High angle view of stethoscope and piggy bank on blue background

The Medicare Payment Advisory Commission offered initial recommendations for Congress to cut home health reimbursement by 7% and pause hospice payment updates in 2025. 

“The 2022 [home health] margins remain above 20%, higher than the long-run average of 16.8% since 2001,” Evan Christman, senior analyst at MedPAC, said during last Friday’s public meeting, according to a transcript. “Overall, these margins indicate that Medicare fee-for-service continues to pay well in excess of cost.”

Part of the reason home health agencies reportedly saw margins of 22.2%, on average, according to Christman, is a decline in the number of visits per 30-day period.

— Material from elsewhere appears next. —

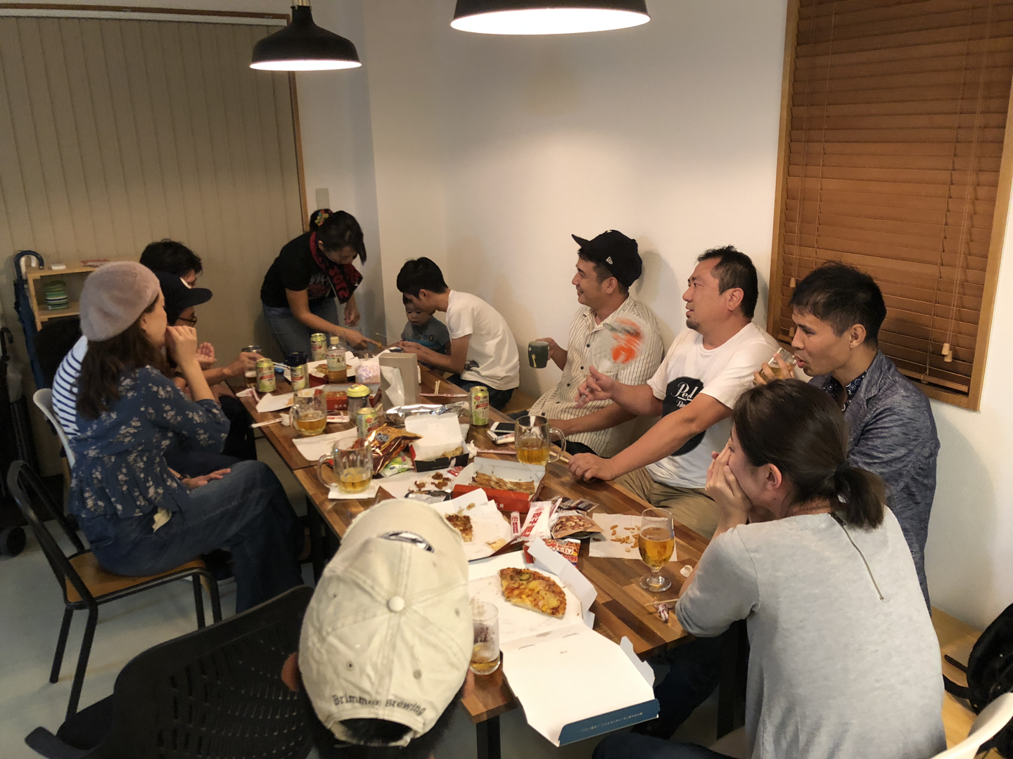 ということで、フラットなフラッグ。沖縄オフィスでは社外の人も参加OK、むしろ社外の人を誘いつつなイベントを開催しています。先日は、朝にコーヒー講座(社外から3名参加)、夜にとれたてビール飲み会(社外から4名参加)というイベントデーもありました。

Since the implementation of the Patient-Driven Groupings Model in 2020, these visits have declined more than 15%; between 2021 and 2022, visits per 30 days declined 3.5%. 

Home health advocates were quick to dispute MedPAC’s claims.

“There are many shortfalls in MedPAC’s home health margins report — starting with the fact that MedPAC’s analysis only captures a declining fraction of the Medicare home health population, ignoring that overall margins are low,” Joanne Cunningham, chief executive officer of the Partnership for Quality Home Healthcare, said in a statement. “Additionally, relying on incomplete, poor-quality data and an opaque methodology runs the risk of dangerously misleading policymakers who rely on MedPAC to inform their decisions.”

The Partnership and National Association for Home Care & Hospice cited poor methodology and data in the recent home health final rule, which contained a Medicare cut related to PDGM. 

MedPAC: No hospice payment update

MedPAC also recommended that Congress eliminate any payment updates for hospice providers in 2025. The hospice program, according to MedPAC principal policy analyst Kim Neuman, shows signs that its current payment rates are sufficient to sustain quality and growth.

“Indicators of payment adequacy are favorable,” Neuman said. “The supply of providers continues to grow. The share of decedents using hospice, the number of hospice users and total days of care increased. Length of stay also increased. In-person visits per week increased slightly, and marginal profit was 17%.”

Hospice industry leaders voiced disagreement with MedPAC’s recommendations. By not updating hospice payment for 2025, the commission does not account for “ongoing financial challenges hospices are facing,” such as workforce-related issues, high costs and inflation, according to William Dombi, president of NAHC. 

“NAHC disagrees with MedPAC’s recommendation not to update hospices’ payment rates for FY025,” Dombi said in a statement. “Hospices are still facing historically high costs across a number of areas, and CMS has failed to accurately account for real inflation in their reimbursement rates.”

He added, “When policymakers don’t receive accurate information, they risk making policy decisions that have unintended, yet negative, consequences on beneficiaries. We hope that MedPAC can address our concerns about how it came to its erroneous conclusions in this presentation and work to provide stakeholders with more accurate, reliable, transparent, and actionable data.”

Still, Dombi noted he was pleased that MedPAC omitted its prior recommendation to wage-adjust and reduce the aggregate cap by 20%.

“While NAHC believes that Congress should consider wage-adjusting the cap to address wage variation, this change should be phased in over time to minimize the potential impact on access to care and to allow the most negatively impacted areas of the country to adjust,” NAHC said, continuing, “NAHC disagrees strongly however with MedPAC’s recommendation to reduce the cap by 20 percent, and has advocated against this change for years.”

The home health and hospice recommendations released last Friday are draft recommendations. MedPAC will have a formal vote on the recommendations in January and release its annual report to Congress in March.